• What is expected:
Each line of the records containing "Voice" is to be copied out and returned.

[Extracted records]
* * *
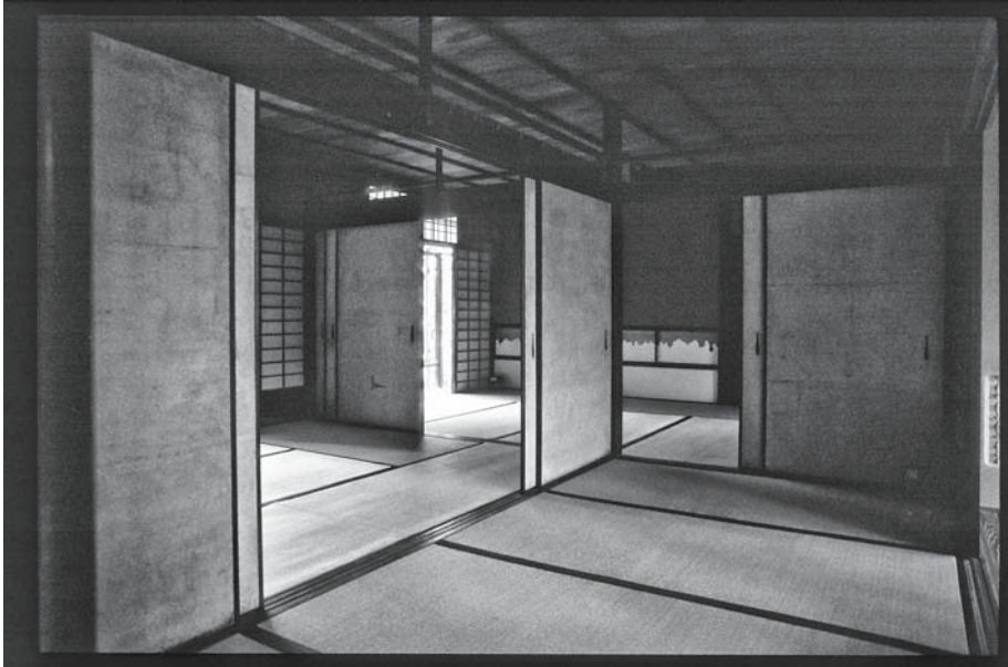
4. Interior of the Shokin-tei in Katsura Rykiu, Kyoto, 17th century. Space flows freely among movable panels without any decoration.
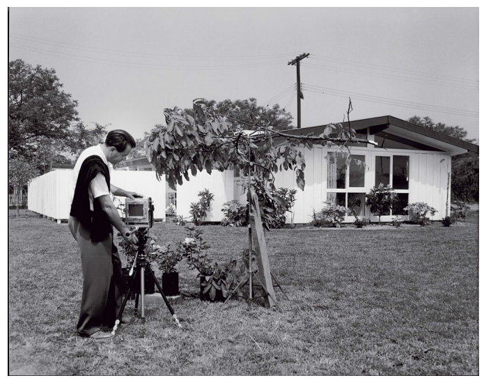
Fig 5a. Shulman "Dressing a Photograph"
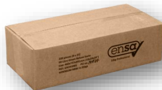
Cartons of 200
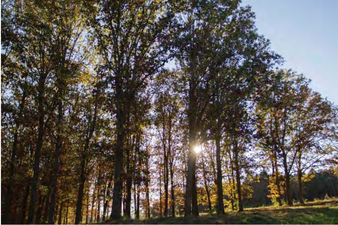
Red oak stand at Horning State Farm Demonstration Forest, 2016
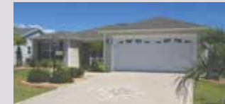
Long Term Unfurnished Designer, Village of Charlotte 3389 Greenacres Terrace 3b/2b, $1550/month Available Immediately
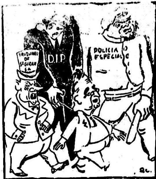
Figure 1: "Workers' Voice" of August 5, 1950, p. 11.

Communist press recreates what "he said" with another connotation, compared to what "he did". A Quirino Campofiorito drawing showing Getúlio's past in the "New State", formed by monsters - Court of National Security, Department of Press and Propaganda (DIP) and Special Police, all larger than Getulio and watching as henchmen (what the bureaucrat Justice lost in stature and brutality to his companions gained in ferocity). The drawing was published in Workers' Voice of August 5, 1950, with a caption on the "tyranny of bloodthirsty" Vargas, referring then to the exception of court, censorship and repression. Social legislation created by the dictator did not enter this representation, only the monsters, which reinforced and justified their authoritarian characteristics and demystify a "New State Ideology" (Figure 1).
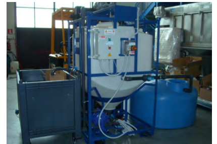
Water & Waste Water Treatment
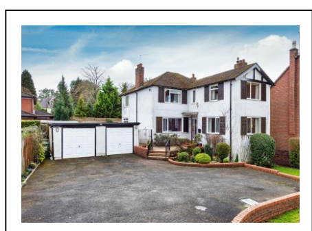
Quarry House, 30 Lansdowne Avenue, Codsall
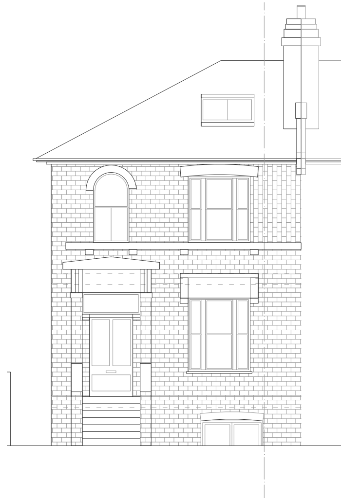
FRONT ELEVATION E: 1/100
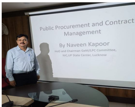
Presentation on Public Procurement and Contract Management NIC, UP State Centre, Lucknow on 11th August 2025
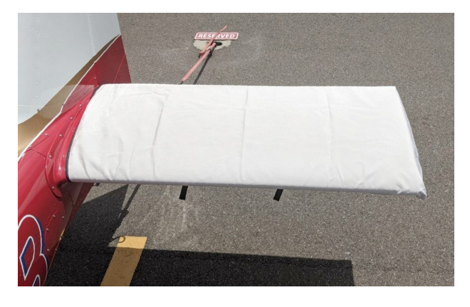
Cessna 162 Skycatcher Horizontal Stabilizer Covers
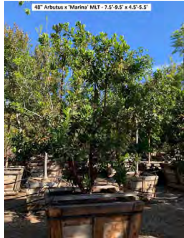
48" Arbutus x 'Marina' MLT - 7.5'-9.5' x 4.5'-5.5'
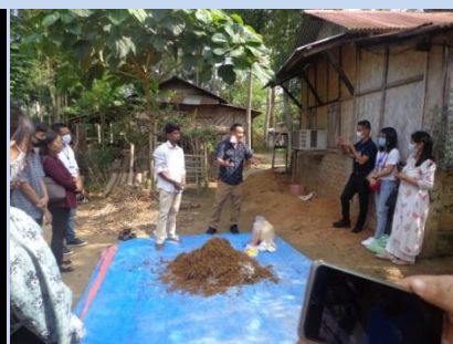
Participants at Mushroom Farm witnessing demonstration.
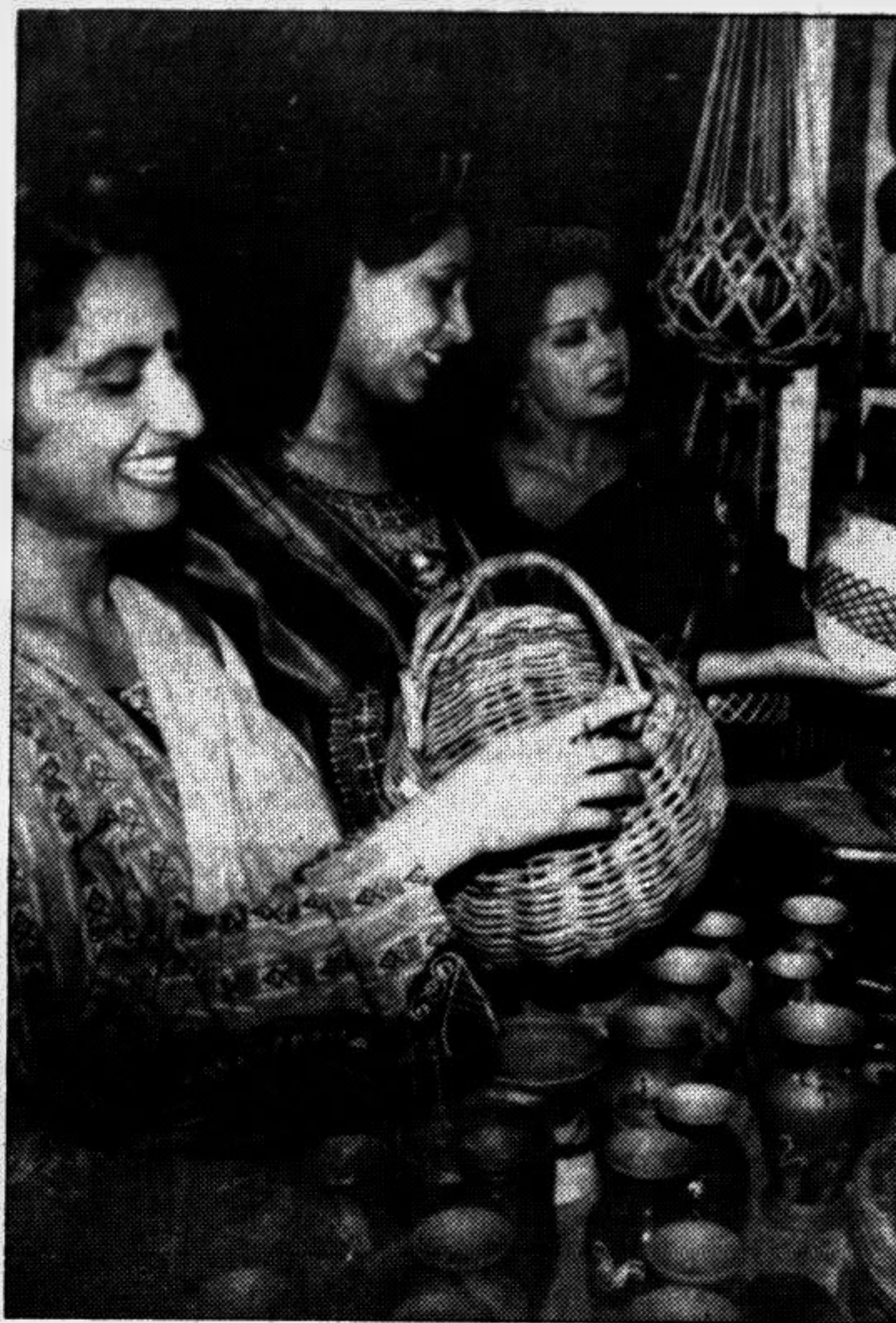
Visitors at the Dhaka Sheraton Hotel 'autumn mela' which opened at the hotel premises in the city yesterday.
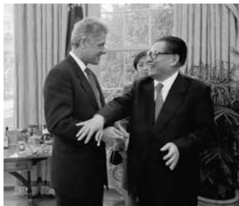
With Chinese president Jiang Zemin in the Oval Office
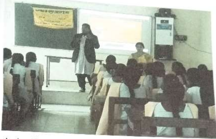
Junior Chamber International, Kakinada Created Awareness on Personal Hygiene on February 4 th 2019 for I BSc
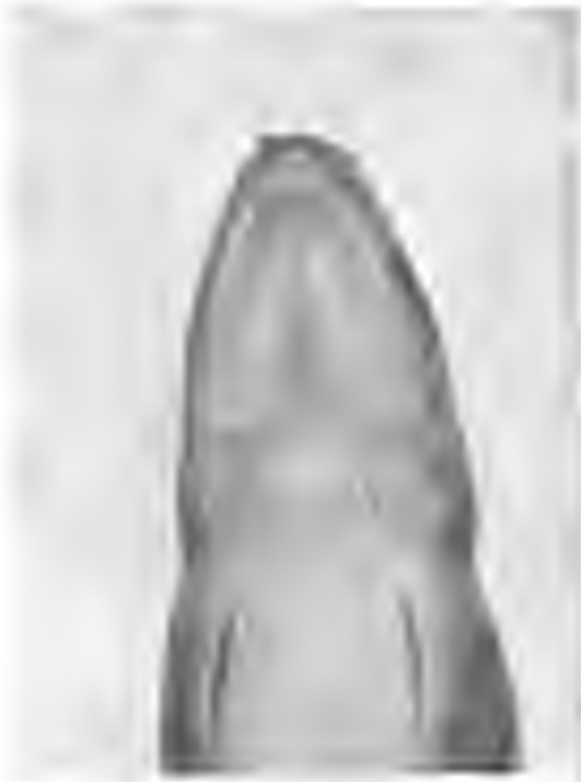
Fig. 1. Ventral view of the head of Polyp-terus . There is no infection and the scales are very clearly defined.
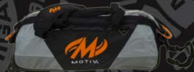
ITEM NUMBER: MTVG3BXKO
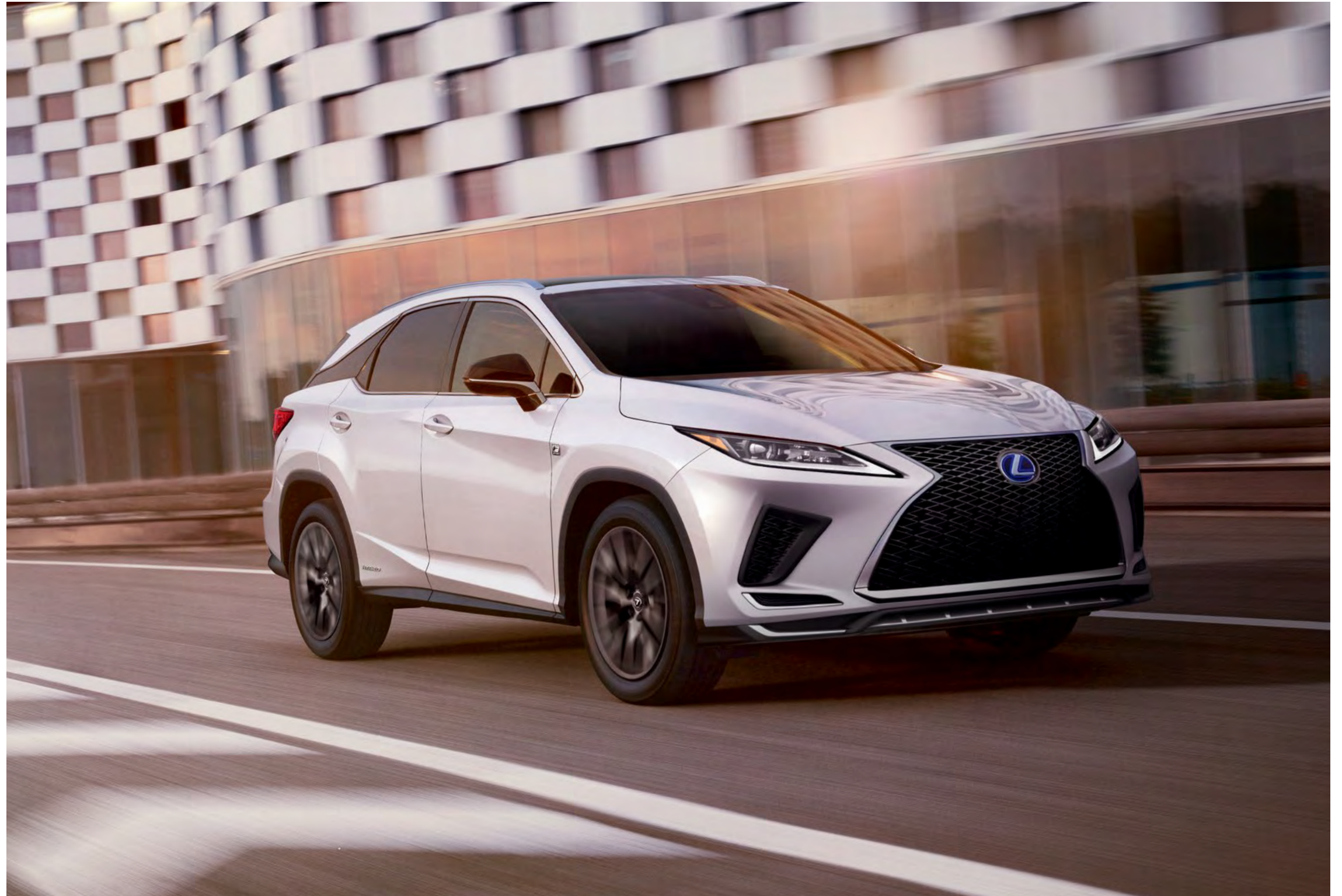
RXh F SPORT shown in Ultra White 9

Craving more of an edge? The RX 450h F SPORT adds bold styling and offers an Adaptive Variable Suspension that takes exhilaration even further.
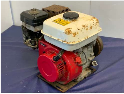
17. M - HONDA GX PETROL ENGINE
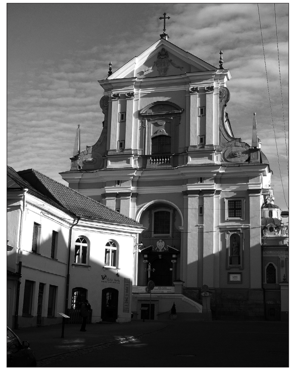
fig. 46 Church of St. Teresa in Vilnius, designed by Constante Tencalla, 1633–52
* * *
• Exercise output:
Figure 1: "Workers' Voice" of August 5, 1950, p. 11.
Communist press recreates what "he said" with another connotation, compared to what "he did". A Quirino Campofiorito drawing showing Getúlio's past in the "New State", formed by monsters - Court of National Security, Department of Press and Propaganda (DIP) and Special Police, all larger than Getulio and watching as henchmen (what the bureaucrat Justice lost in stature and brutality to his companions gained in ferocity). The drawing was published in Workers' Voice of August 5, 1950, with a caption on the "tyranny of bloodthirsty" Vargas, referring then to the exception of court, censorship and repression. Social legislation created by the dictator did not enter this representation, only the monsters, which reinforced and justified their authoritarian characteristics and demystify a "New State Ideology" (Figure 1).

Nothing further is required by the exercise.